Information supplied Block Start

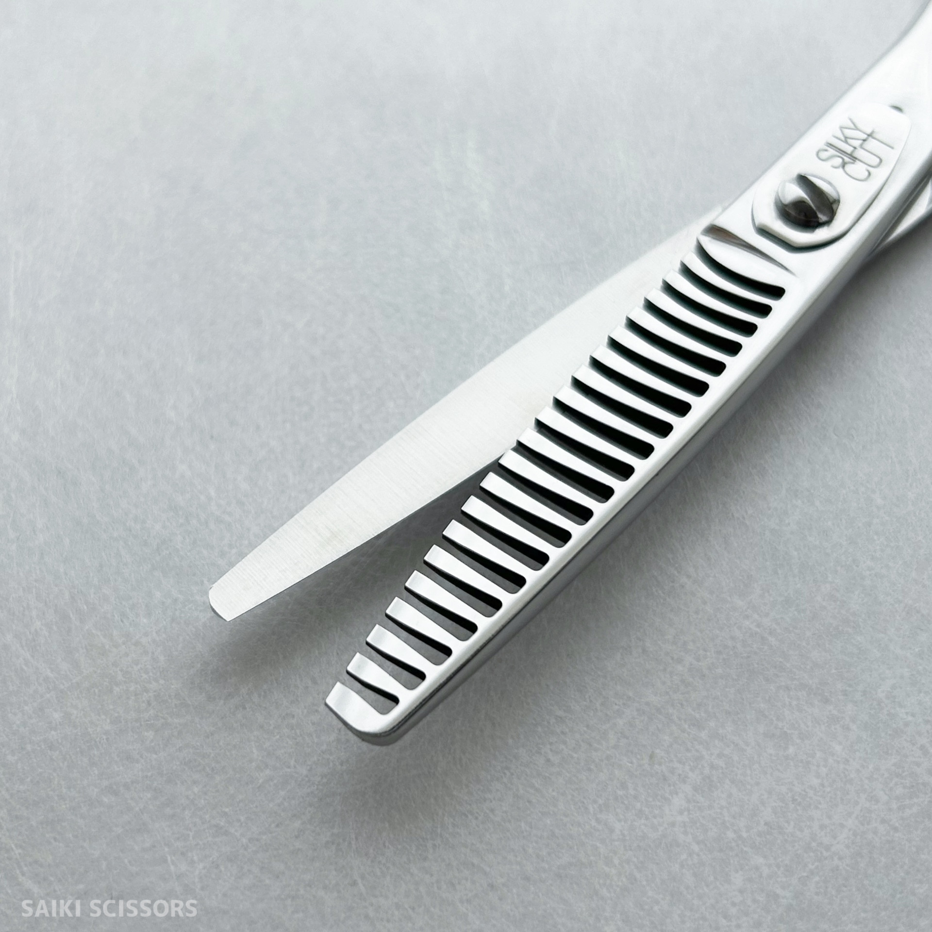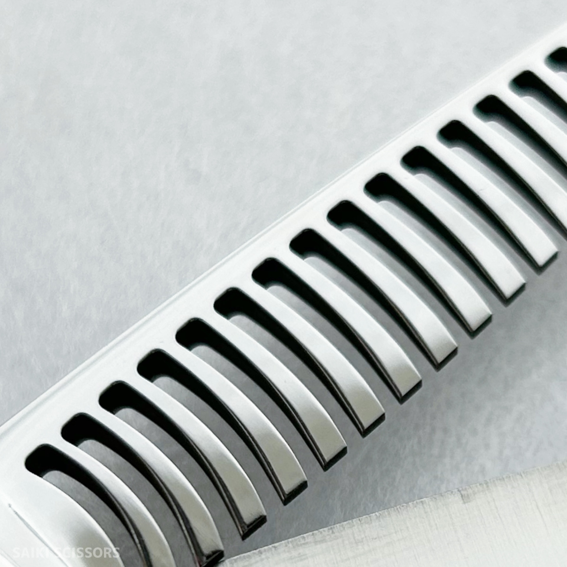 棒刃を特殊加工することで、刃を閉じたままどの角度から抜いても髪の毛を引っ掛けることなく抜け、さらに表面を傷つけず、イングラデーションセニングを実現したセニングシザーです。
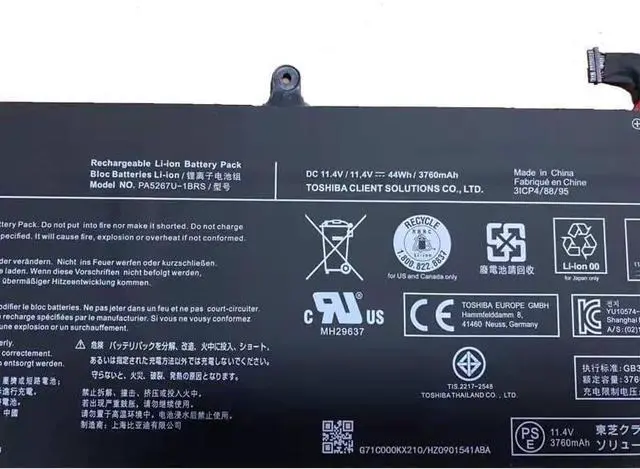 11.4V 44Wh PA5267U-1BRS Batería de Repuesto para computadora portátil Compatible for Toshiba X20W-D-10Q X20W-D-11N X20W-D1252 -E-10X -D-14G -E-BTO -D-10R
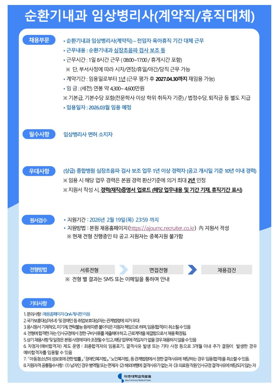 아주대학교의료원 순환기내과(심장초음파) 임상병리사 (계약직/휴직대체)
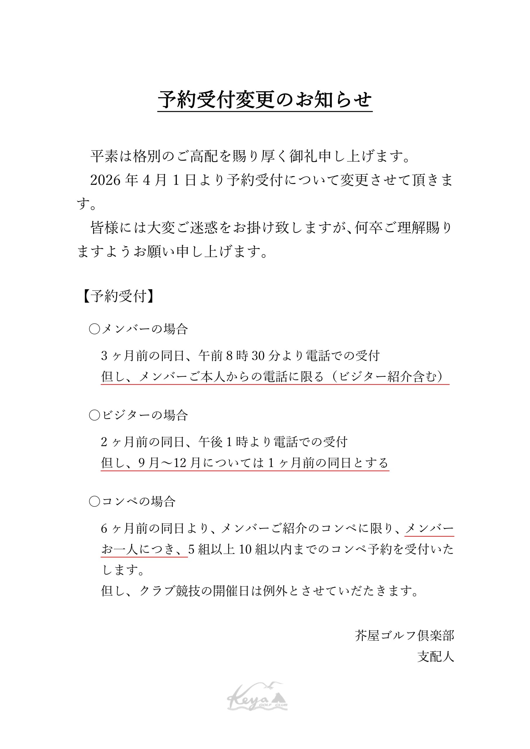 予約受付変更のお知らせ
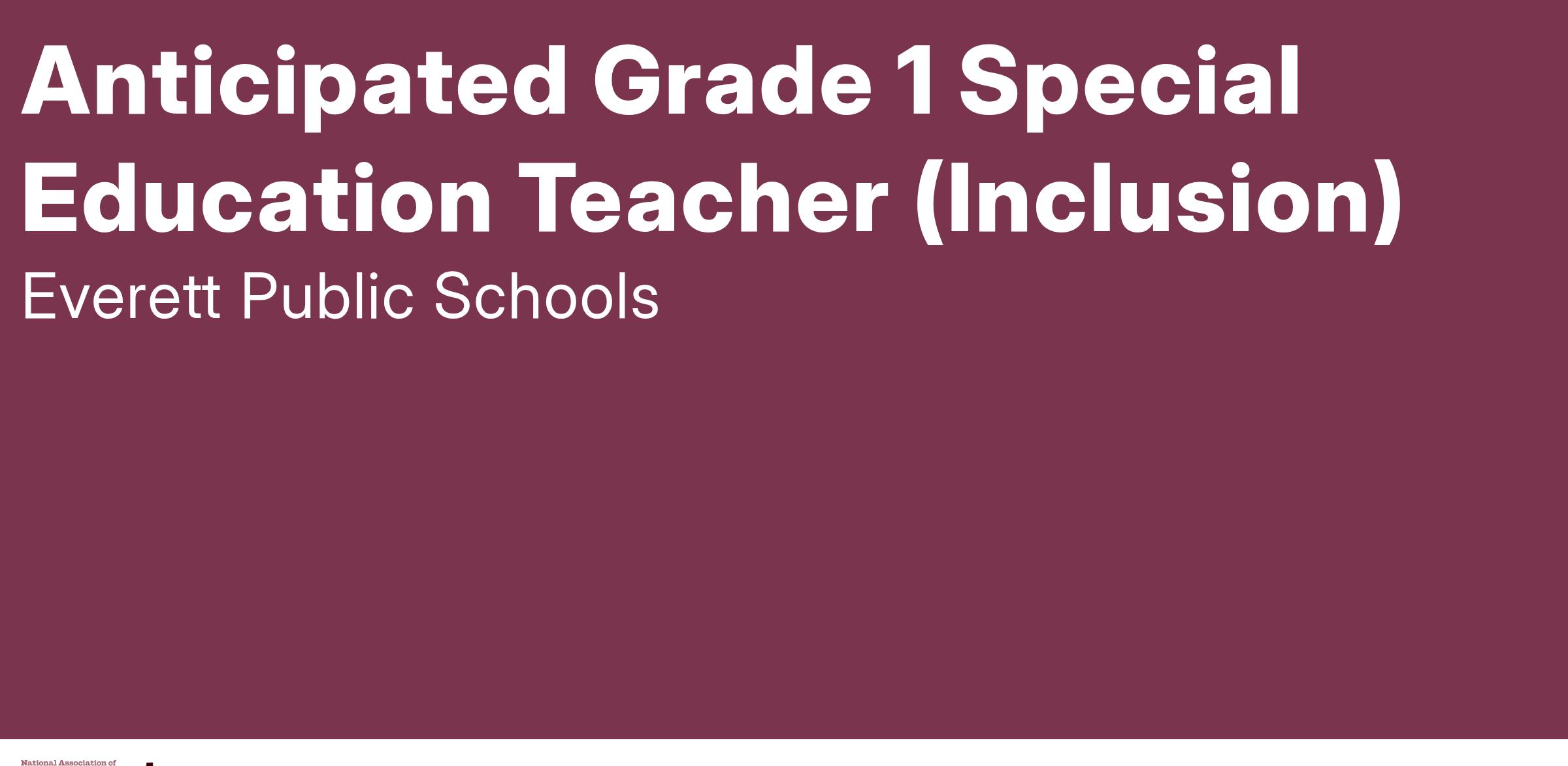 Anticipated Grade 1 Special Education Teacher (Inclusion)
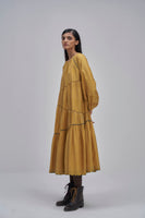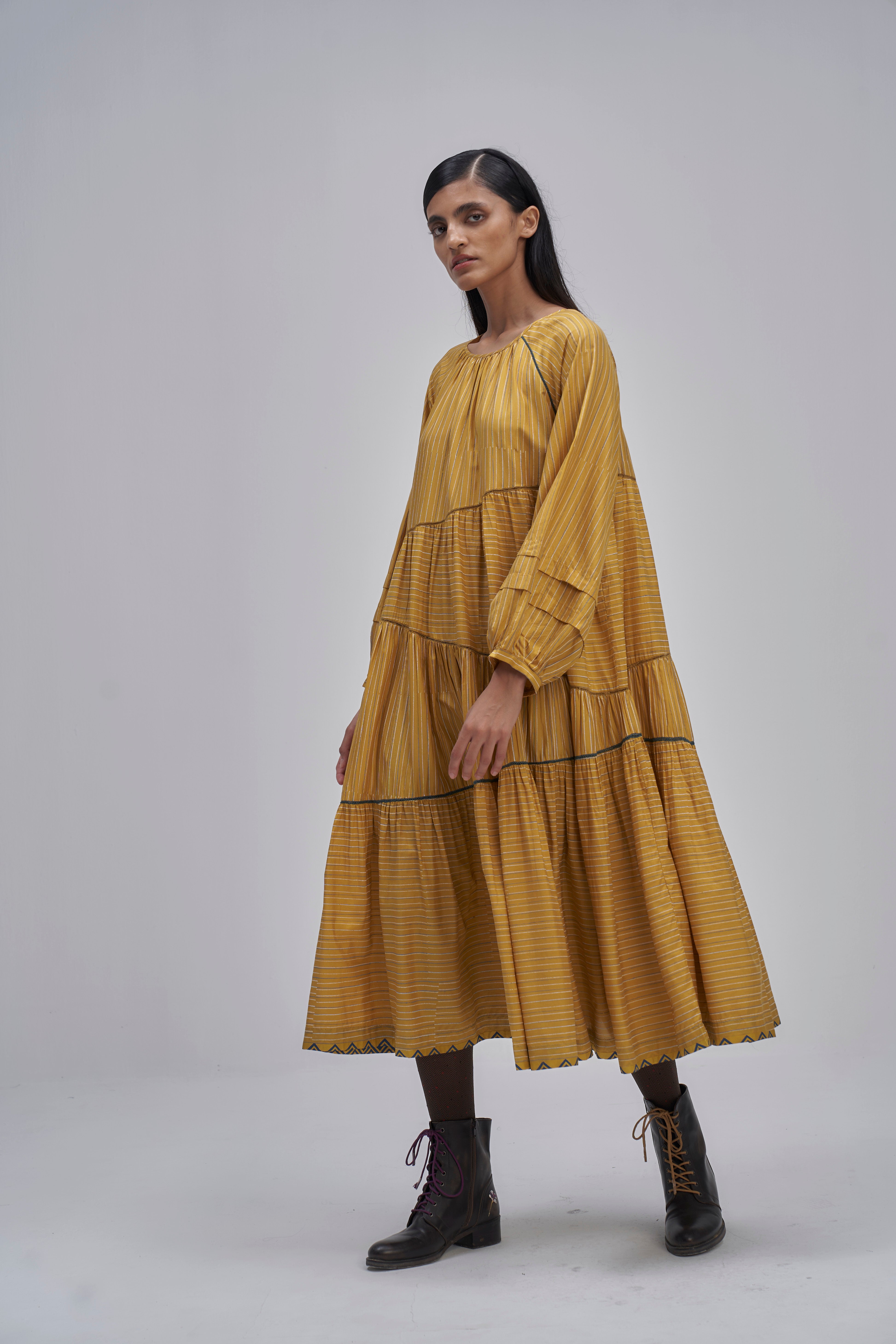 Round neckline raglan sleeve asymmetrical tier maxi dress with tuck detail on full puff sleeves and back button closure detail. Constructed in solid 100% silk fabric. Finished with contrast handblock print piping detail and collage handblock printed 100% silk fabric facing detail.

Information supplied Block End

> [Exercise prompt] Everything in the entries above except the pictures should be given again exactly.

> [Task answer]
 棒刃を特殊加工することで、刃を閉じたままどの角度から抜いても髪の毛を引っ掛けることなく抜け、さらに表面を傷つけず、イングラデーションセニングを実現したセニングシザーです。
 11.4V 44Wh PA5267U-1BRS Batería de Repuesto para computadora portátil Compatible for Toshiba X20W-D-10Q X20W-D-11N X20W-D1252 -E-10X -D-14G -E-BTO -D-10R
 아주대학교의료원 순환기내과(심장초음파) 임상병리사 (계약직/휴직대체)
 予約受付変更のお知らせ
 Anticipated Grade 1 Special Education Teacher (Inclusion)
 Round neckline raglan sleeve asymmetrical tier maxi dress with tuck detail on full puff sleeves and back button closure detail. Constructed in solid 100% silk fabric. Finished with contrast handblock print piping detail and collage handblock printed 100% silk fabric facing detail.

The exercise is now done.